**Material for the task:**
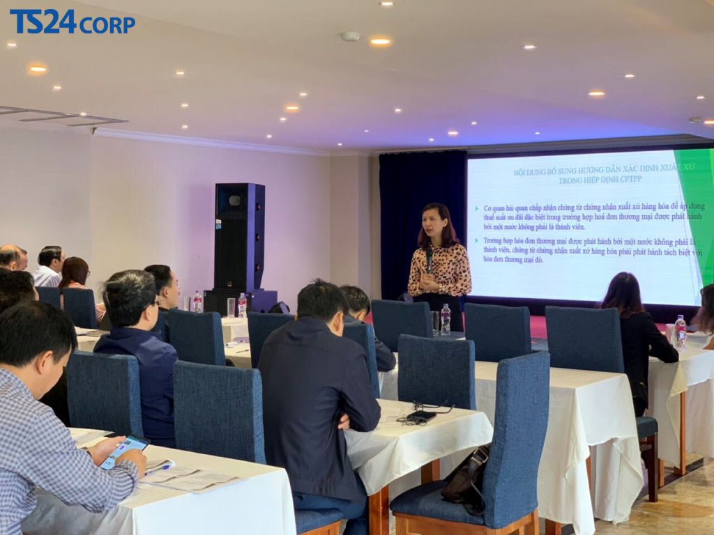 Tại hội nghị, đại diện Cục Giám sát quản lý về hải quan đã thông tin cụ thể về các điểm mới cần lưu ý tại Thông tư 62/2019/TT-BTC sửa đổi, bổ sung Thông tư 38/2019/TT-BTC, trong đó, tập trung vào các nội dung sửa đổi, bổ sung một số điều của Thông tư 38/2018/TT-BTC (Các trường hợp khác biệt nhỏ không ảnh hưởng đến tính hợp lệ của chứng từ chứng nhận xuất xứ hàng hóa; Từ chối chứng từ chứng nhận xuất xứ hàng hóa); bổ sung hướng dẫn kiểm tra xác định xuất xứ trong khuôn khổ Hiệp định CPTPP; sửa đổi, bổ sung Phụ lục II Danh mục hàng hóa NK phải nộp chứng từ chứng nhận xuất xứ hàng hóa cho cơ quan Hải quan.
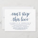 Modern marinblå scripta tema, bröllopsflykt inbjudningskort (Kan inte stoppa denna kärlek). Det är perfekt för din bröllopsflykt, avslappnad sjösidebröllops middag, dans och fest.
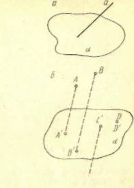 При выполнении «воображаемых» построений считаем, что, во-первых, умеем строить плоскость, если заданы определяющие ее элементы (три точки, не лежащие на одной прямой, или прямая и точка вне ее, или две пересекающиеся прямые, или две параллельные прямые), и, во-вторых, в любой плоскости умеем осуществить все те построения, которые обоснованы в планиметрии. Так, если требуется провести через данную прямую а произвольную плоскость, берут произвольную точку А вне прямой а (возможность выбора такой точки также постулируется) и считают, что искомая плоскость проведена через прямую а и точку А.
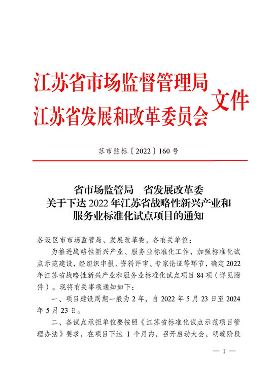 江蘇省戰(zhàn)略性新興產(chǎn)業(yè)標(biāo)準(zhǔn)化試點(diǎn)項(xiàng)目由省市場監(jiān)督管理局和省發(fā)展和改革委員會(huì)共同組織。項(xiàng)目對(duì)申報(bào)單位有著明確的要求:市場占有率和經(jīng)濟(jì)效益排名位于本地區(qū)同行業(yè)前列,具有良好的發(fā)展?jié)摿Γ邆浣y(tǒng)籌技術(shù)創(chuàng)新、標(biāo)準(zhǔn)研制和產(chǎn)業(yè)化的能力等等。
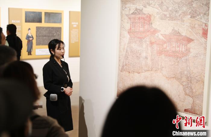 2月25日,受邀赴臺(tái)參加展覽活動(dòng)的陜西歷史博物館社會(huì)教育部館員黃姣為參觀者講解唐代壁畫(huà)。中新社記者 楊程晨 攝
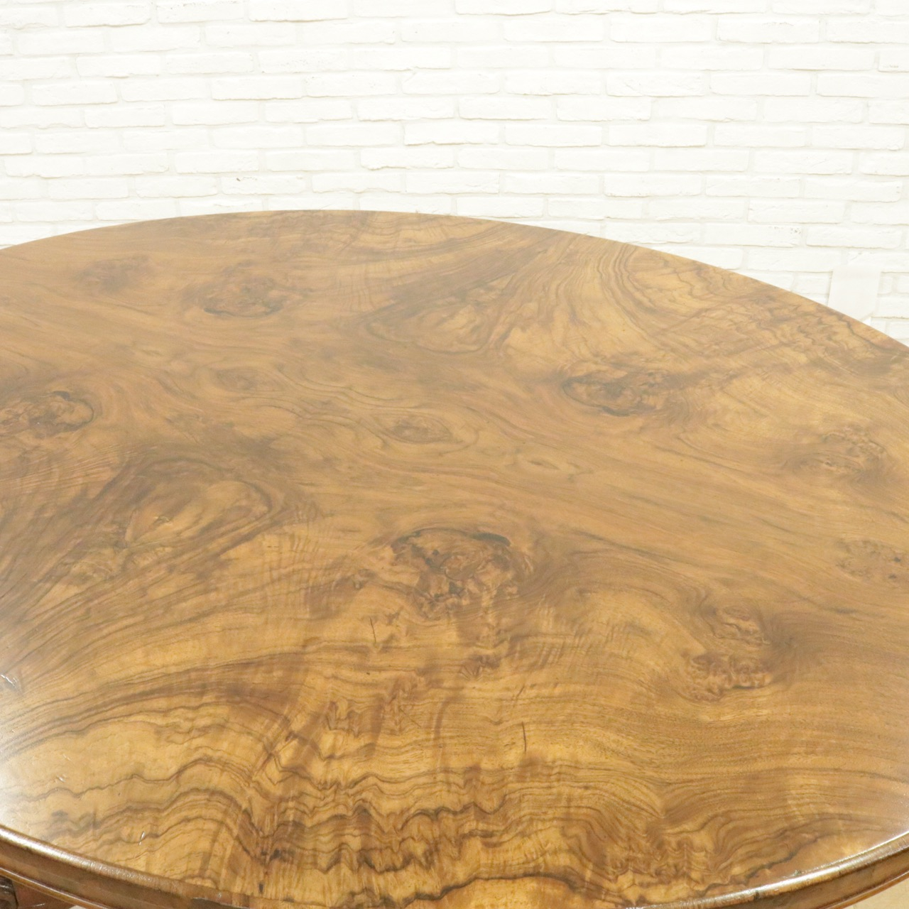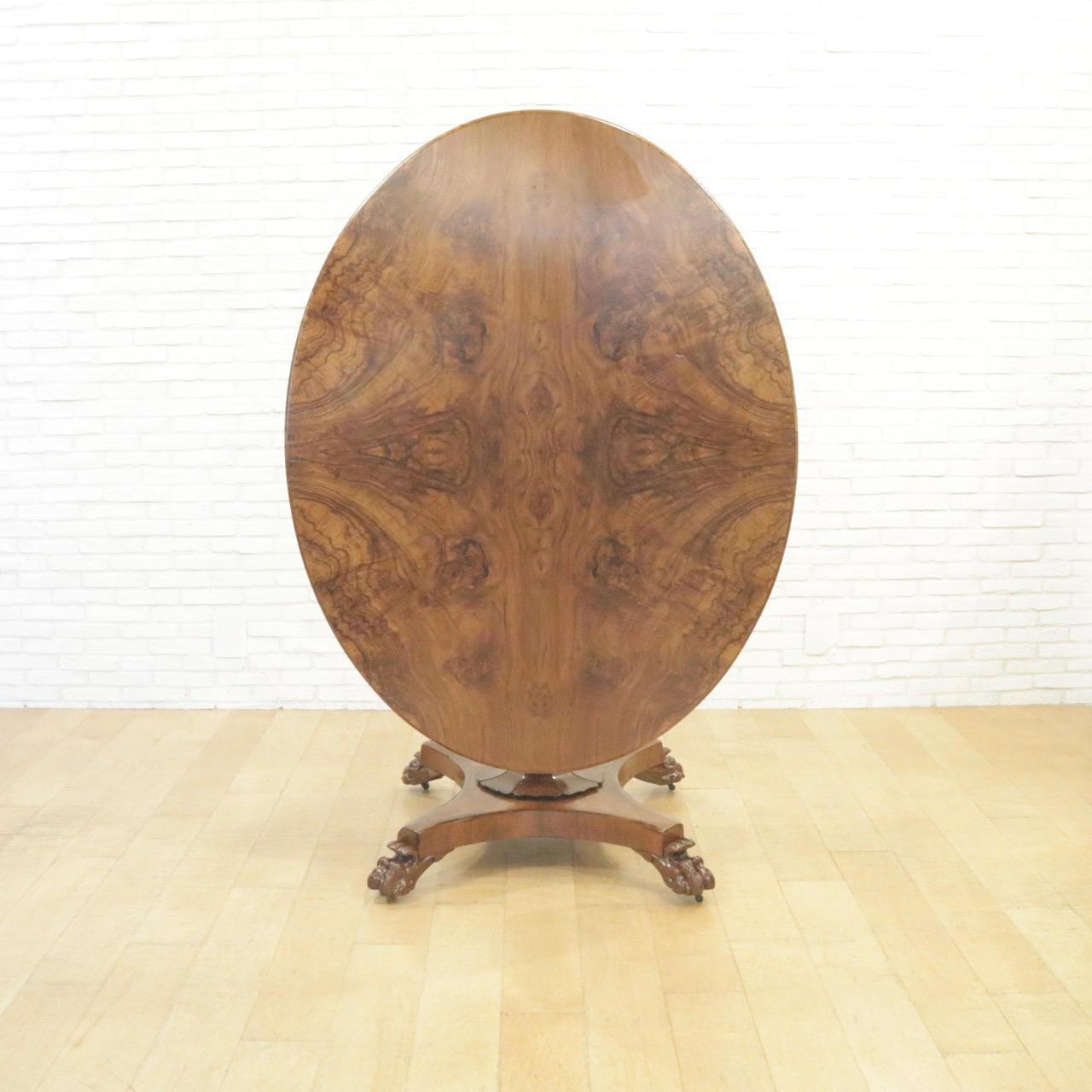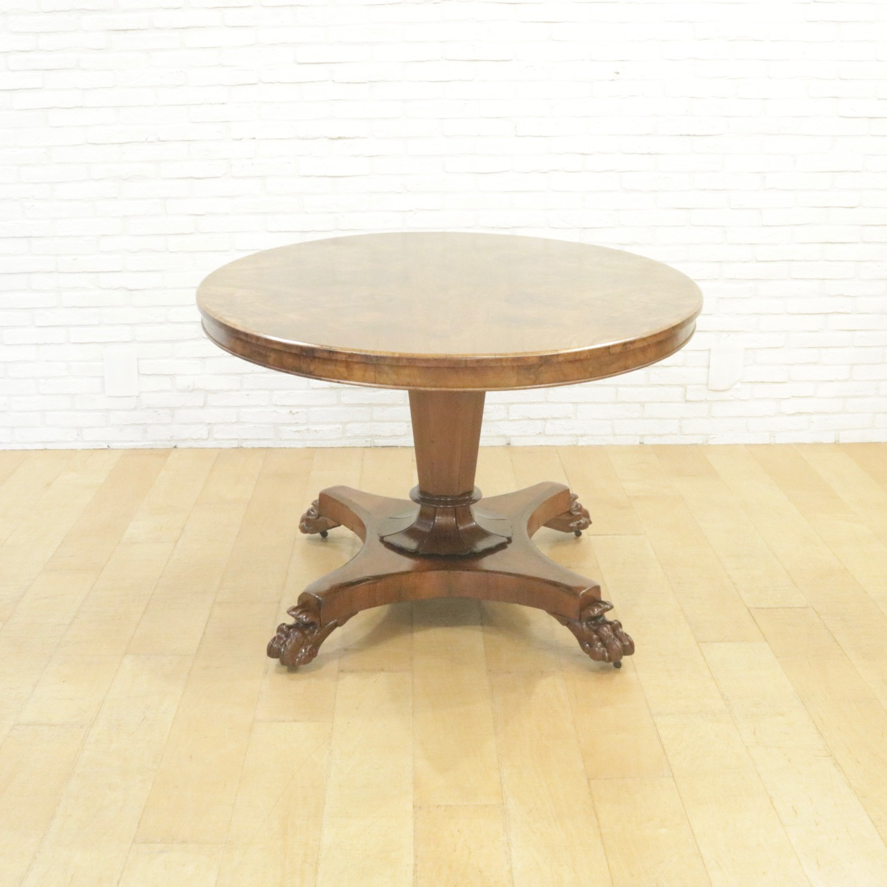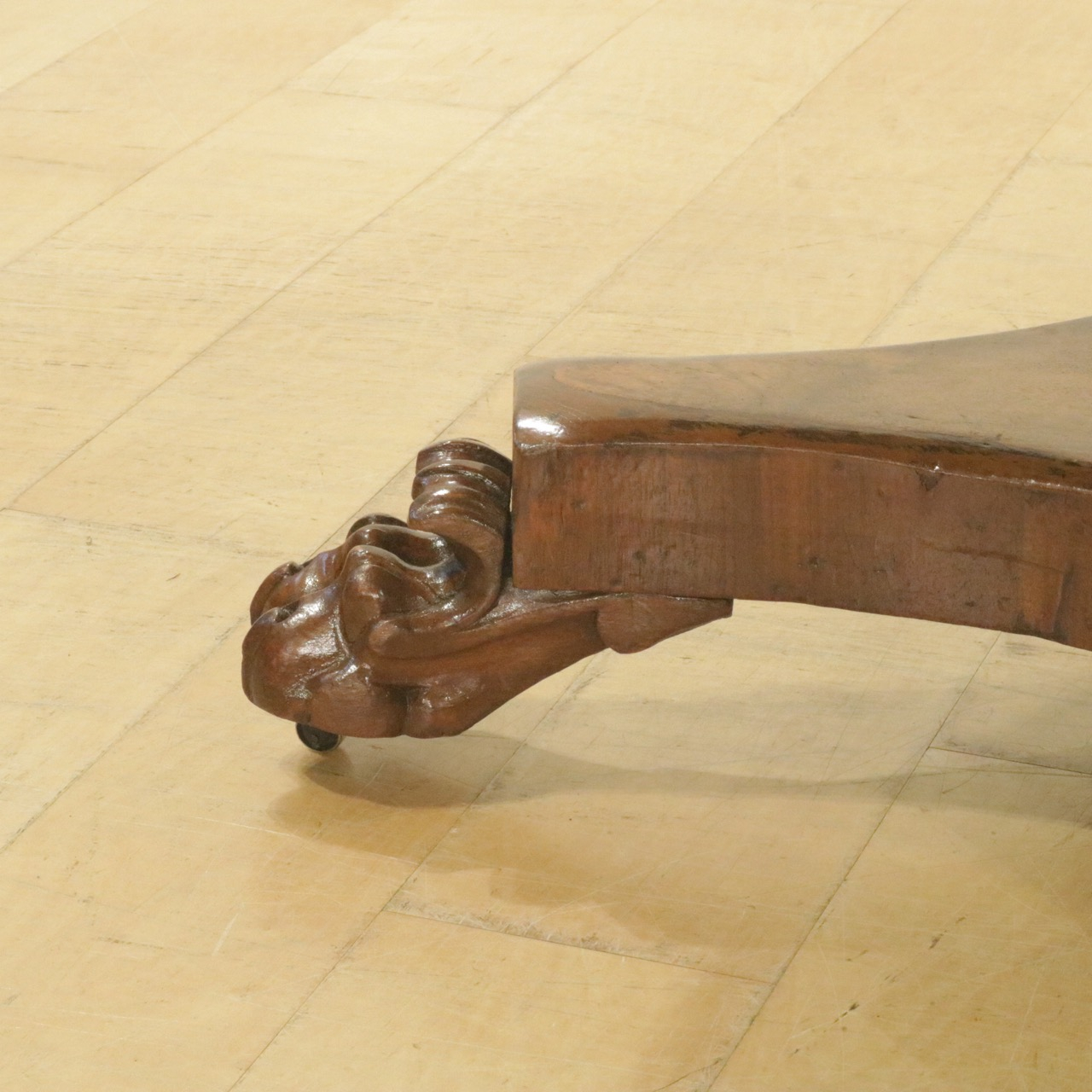 ウォールナットの美しい木目が楽しめる分厚い天板、毛並みを感じさせる技術の高さが現れている獣足と、アンティークらしい重厚感にあふれたテーブルです。

**Directions:** Give again, word for word, every line from the top of the data above to the line holding "Modern marinblå scripta", inclusive, with the pictures left out.

**Answer to this problem:**
 Tại hội nghị, đại diện Cục Giám sát quản lý về hải quan đã thông tin cụ thể về các điểm mới cần lưu ý tại Thông tư 62/2019/TT-BTC sửa đổi, bổ sung Thông tư 38/2019/TT-BTC, trong đó, tập trung vào các nội dung sửa đổi, bổ sung một số điều của Thông tư 38/2018/TT-BTC (Các trường hợp khác biệt nhỏ không ảnh hưởng đến tính hợp lệ của chứng từ chứng nhận xuất xứ hàng hóa; Từ chối chứng từ chứng nhận xuất xứ hàng hóa); bổ sung hướng dẫn kiểm tra xác định xuất xứ trong khuôn khổ Hiệp định CPTPP; sửa đổi, bổ sung Phụ lục II Danh mục hàng hóa NK phải nộp chứng từ chứng nhận xuất xứ hàng hóa cho cơ quan Hải quan.
 Modern marinblå scripta tema, bröllopsflykt inbjudningskort (Kan inte stoppa denna kärlek). Det är perfekt för din bröllopsflykt, avslappnad sjösidebröllops middag, dans och fest.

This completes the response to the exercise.